Targeted therapy factsheet


Targeted therapy is a type of cancer treatment. It uses special medications that target a specific part of the cancer cells to stop them from growing and spreading. 

Cancer cells have changed or mutated as they grow and split into new cells. Genes are the instructions for how your body grows and works. They are found inside cells and are copied every time a cell splits and grows.

When a cell changes or mutates, the genes inside will also change or mutate. Changes in genes can build up over time and cause tumours and cancer to grow. 

There are many different types of cancer and many different things that cause them. Some cancers will have a specific feature on their surface or inside their cells. 

The medicine used in targeted therapy is specially made to target specific features in the cancer cells.

Targeted therapy can be used alone or with other treatments like:

Targeted therapy generally has fewer side effects, but it will only work on certain types of cancers that have specific features in their cells.

Preparing for treatment

Using targeted therapy will depend on:

  • the specific cancer being treated
  • the types of symptoms
  • your child's general health outside of the cancer.

Your child will have tests to figure out: 

  • what type of cancer they have 
  • whether targeted therapy can be used
  • the best-targeted therapy medicine to use. 

Tests can include:

  • blood tests
  • biopsy – where a sample of the tumour is taken and tested.

During treatment

Targeted therapy is different for every child.

Targeted therapy medicine can be given:  

  • as tablets or capsules that are swallowed
  • through an intravenous (IV) cannula – a small plastic tube inserted into a vein in the arm
  • through a central venous catheter (CVC) or port – a longer plastic tube inserted into a vein under the arm or in the chest, ending near the heart
  • as an injection under the skin.

It is common for children to react to their first dose of targeted therapy medicine, so the first dose is given slowly.

Your child’s treatment team will check how your child is doing during treatment. They can give your child other types of medicine to help prevent side effects like nausea and vomiting.

Let your child’s doctor know if you have any questions about treatment. They will let you know if there are any special instructions after each dose.

Length of treatment

How long your child continues targeted therapy depends on: 

  • the aim of the treatment
  • how the cancer responds to treatment 
  • any side effects your child has.

Medications can be given:

  • in cycles with rest periods in between
  • every day without breaks for a certain period
  • every day for several months or years.


Side effects from targeted therapy are generally milder than those from other treatments.

They will usually go away after treatment has finished.

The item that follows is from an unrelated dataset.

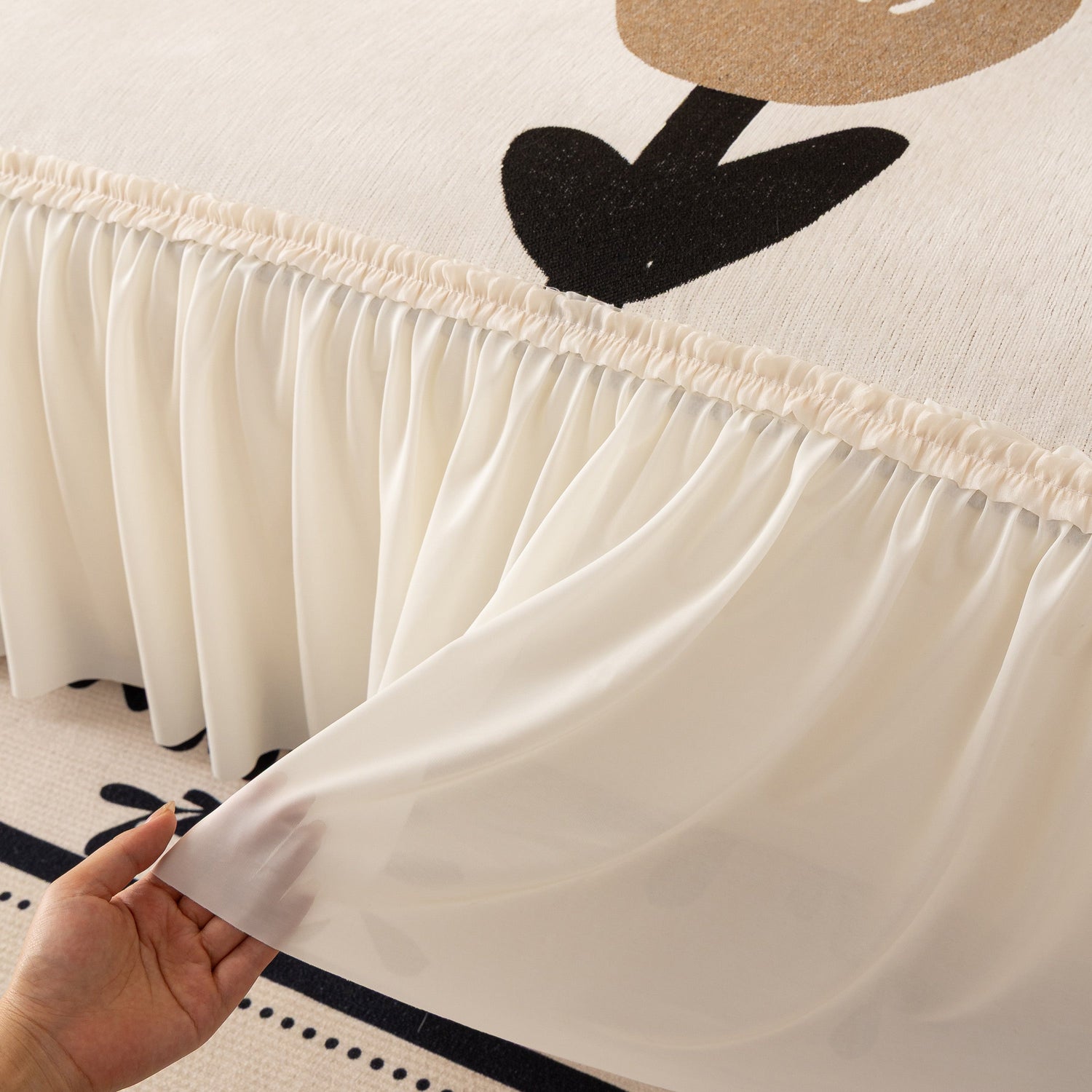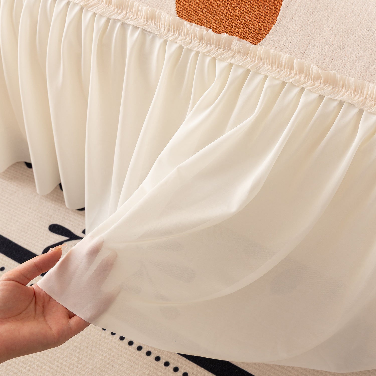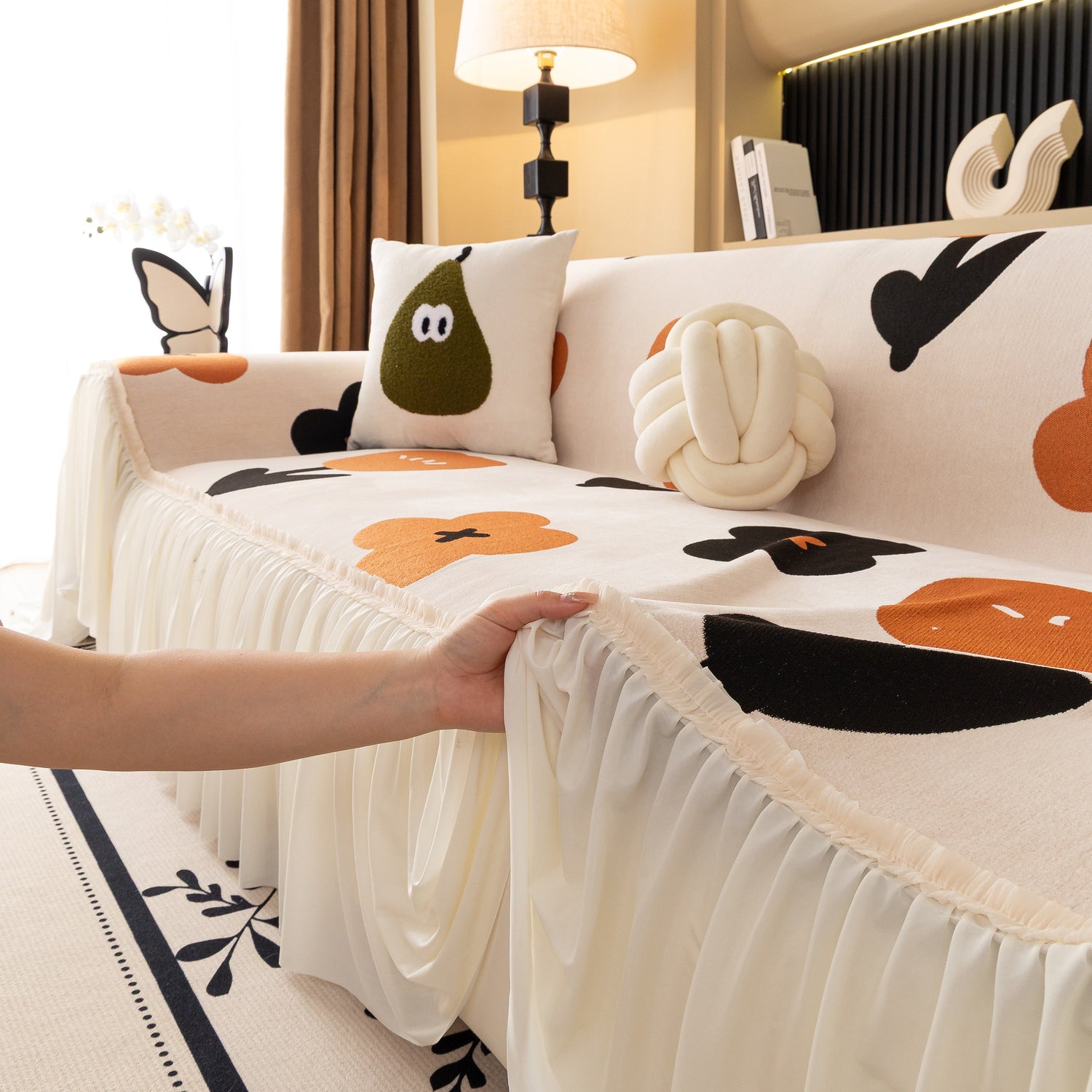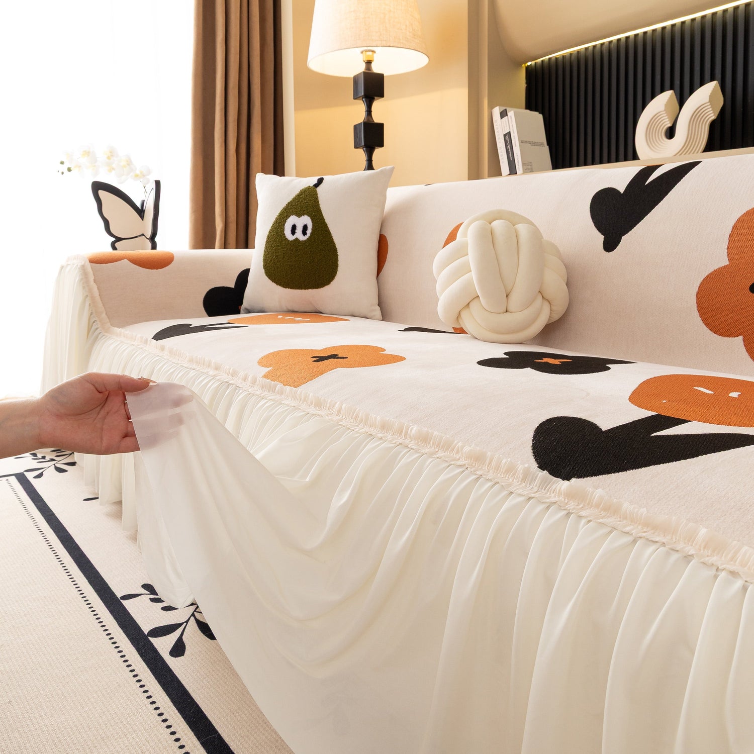 This decorative retro sofa cover features a bold floral pattern and is made from medium-weight chenille fabric, which is soft, breathable, and gentle to the touch. The cover includes a pleated sheer skirt made from chiffon-like material that runs along the bottom and sides, adding a light and airy detail.

Common side effects include:

  • eye problems  
  • loss of hair and hair colour  
  • changes to skin and nail texture
  • feeling very tired 
  • mouth sores
  • high blood pressure 
  • problems with blood clotting or wound healing 

Your child’s treatment team can help manage some side effects with medication, fluids, and rest.

After treatment

Children with cancer will have regular checkups with their doctors after treatment is finished.

This is to monitor:

  • how your child is recovering from treatment
  • whether the chemotherapy worked
  • whether any further treatment is needed.

If targeted therapy is working, the cancer should start to shrink or go away completely.

In some cases, the cancer will be stable. This means it does not grow but also does not shrink or disappear.

Children with stable cancer can often live for many years and have a good quality of life.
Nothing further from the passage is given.